The same applies to MOSH and MOAH in rice. These hydrocarbons are rarely agricultural in origin. They migrate from packaging inks, recycled cardboard, conveyor belts, or milling machinery. A perfectly grown crop can fail a border check because of what happens after harvest.
Even opium alkaloids in poppy seeds tell the same story. These are natural plant compounds, not contaminants added by error. Yet they are tightly regulated, and a variety of choice or harvest methods can determine whether a lot is marketable or rejected.
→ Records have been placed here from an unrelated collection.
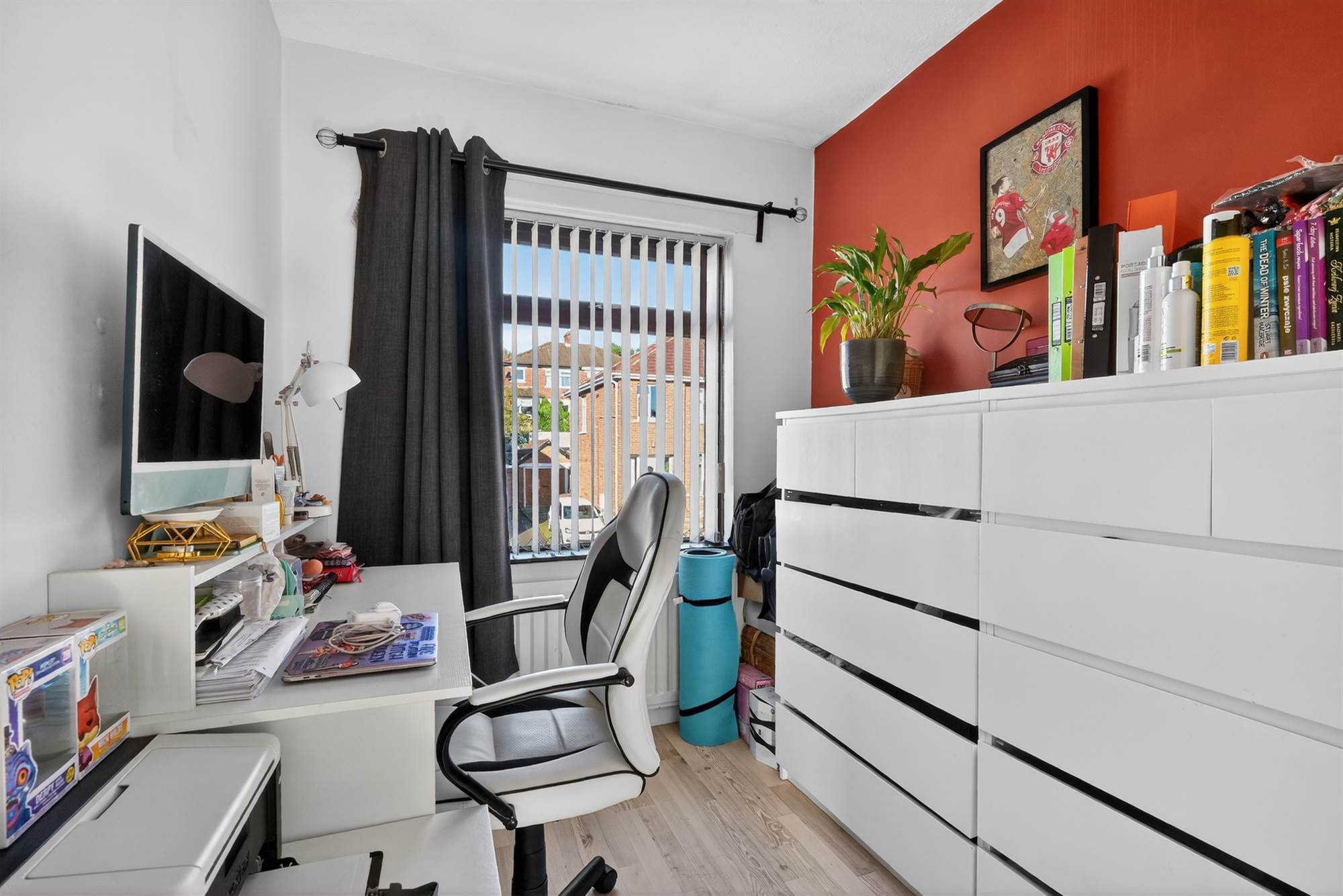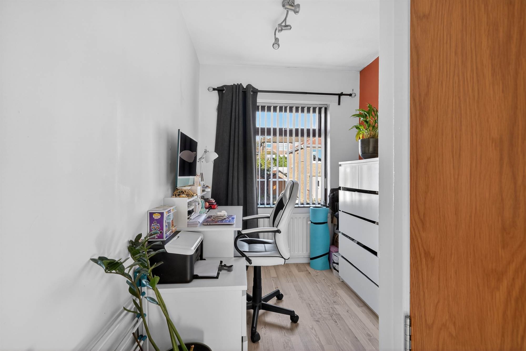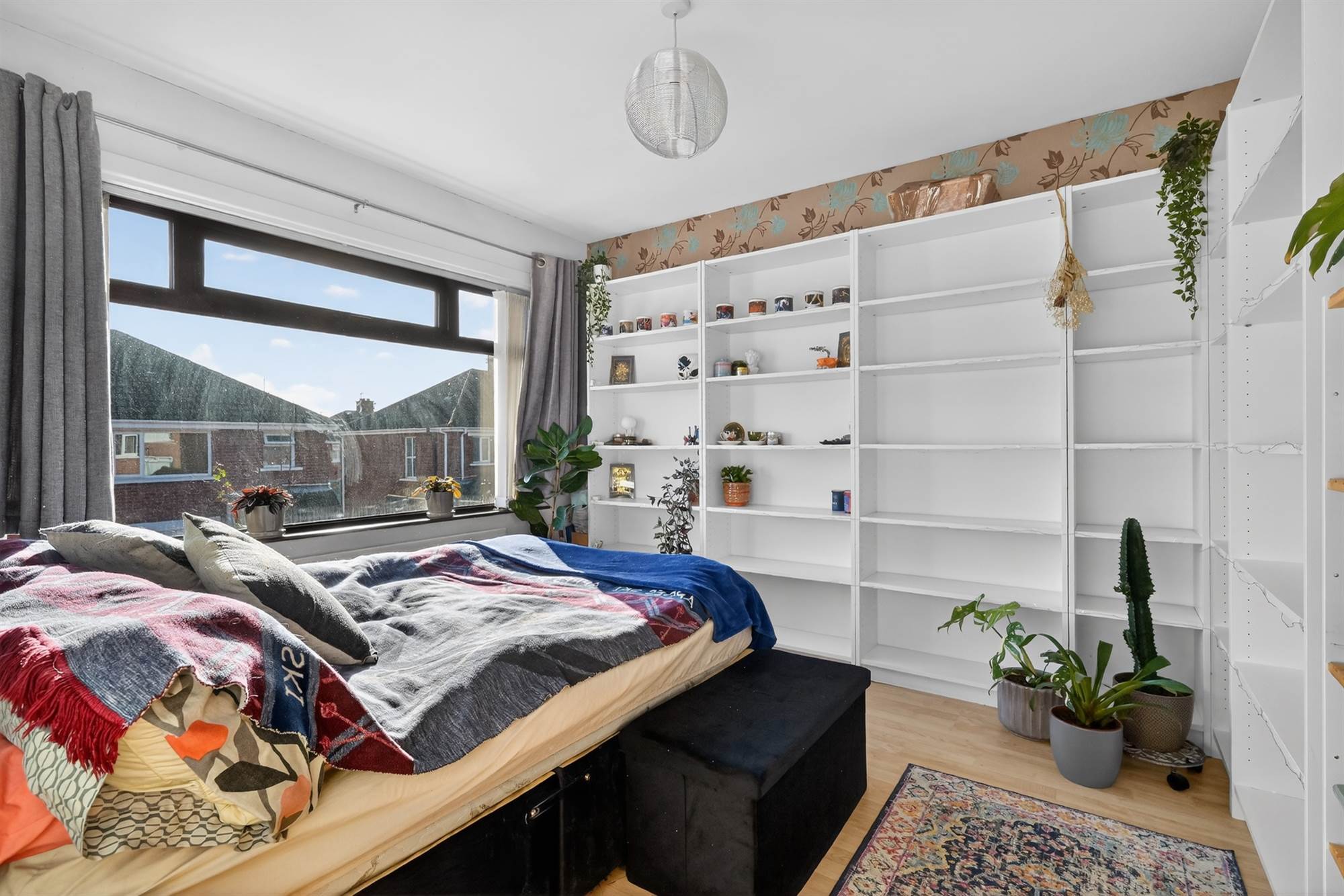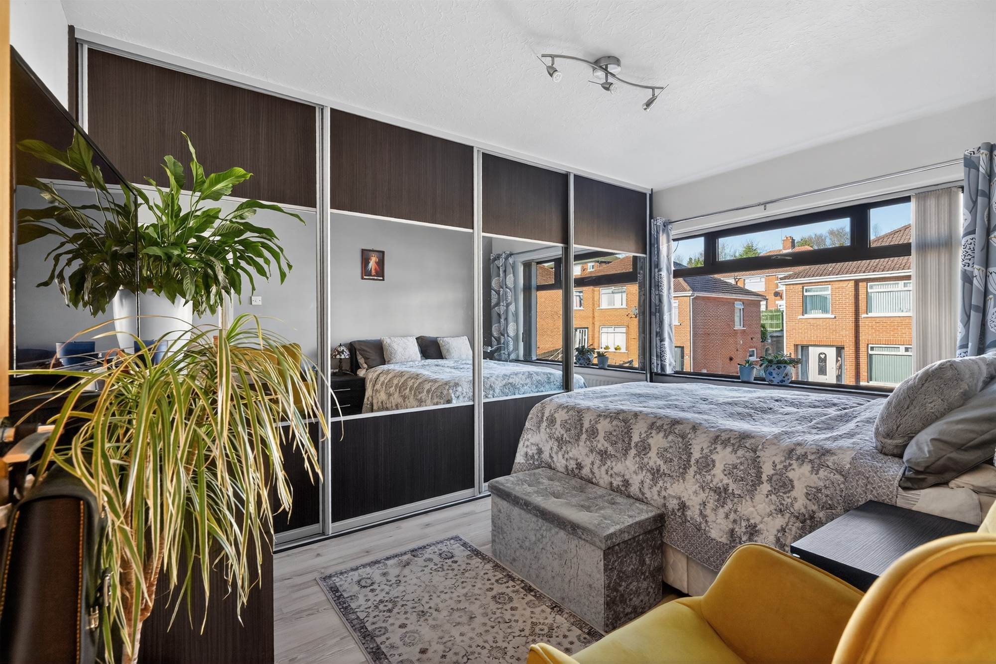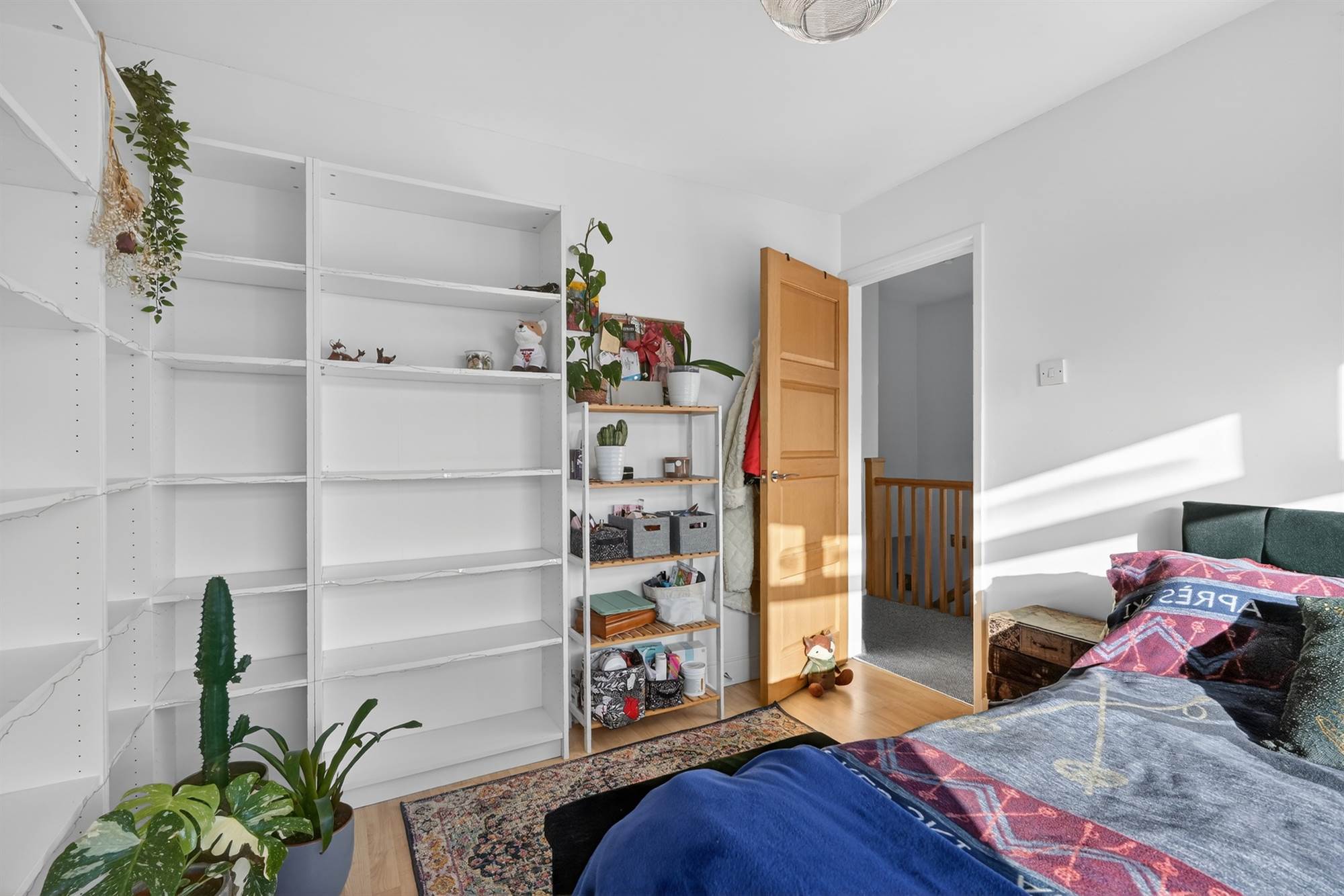 Wood effect flooring. Walll to wall built-in wardrobe storage.
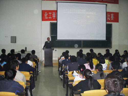 作者:郑 兵 核稿:舒永安 发布日期:2009年4月15日 本网讯 4月8日下午,原北京体育学院副院长、国家教委体卫艺司副司长,全国普通高校体育教学指导委员会主任,全国著名学校体育学专家曲宗湖教授应邀访问我校,并在玉章楼5301阶梯教室为我校300多名师生作了题为《大悲大喜后的反思与遐想——后奥运时代我国学校体育的走向》的学术报告。
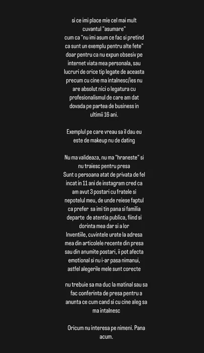 Mesajul postat de Ema Uta pe Insta Story. Foto: Instagram
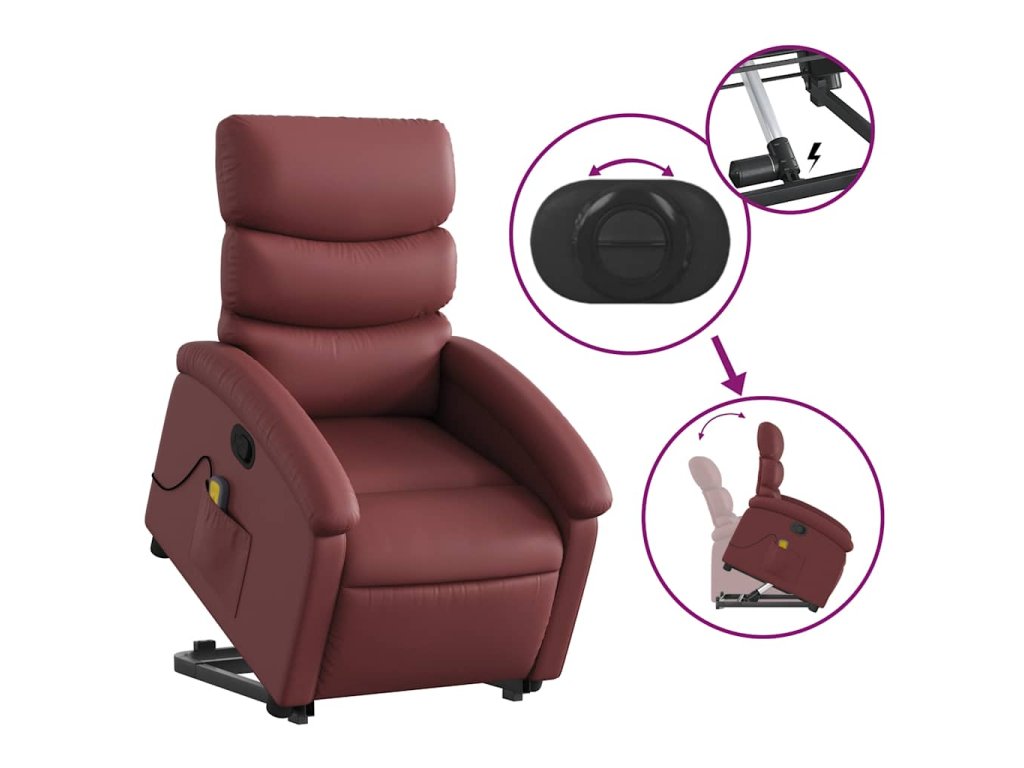 Zvedací masážní polohovací křeslo vínové umělá kůže 3204051

For modern farmers and wholesale buyers, this marks a turning point. Compliance is no longer only a biological or agronomic exercise. It is a chemistry problem, stretching from soil mineral balance and water sources to dryers, storage silos, transport, and packaging lines.
Those who will keep smooth access to European markets over the next seasons will be the ones who understand their production system as a whole. Not just what they apply, but where their crop grows, how it is handled, and what it touches on its way to the shelf.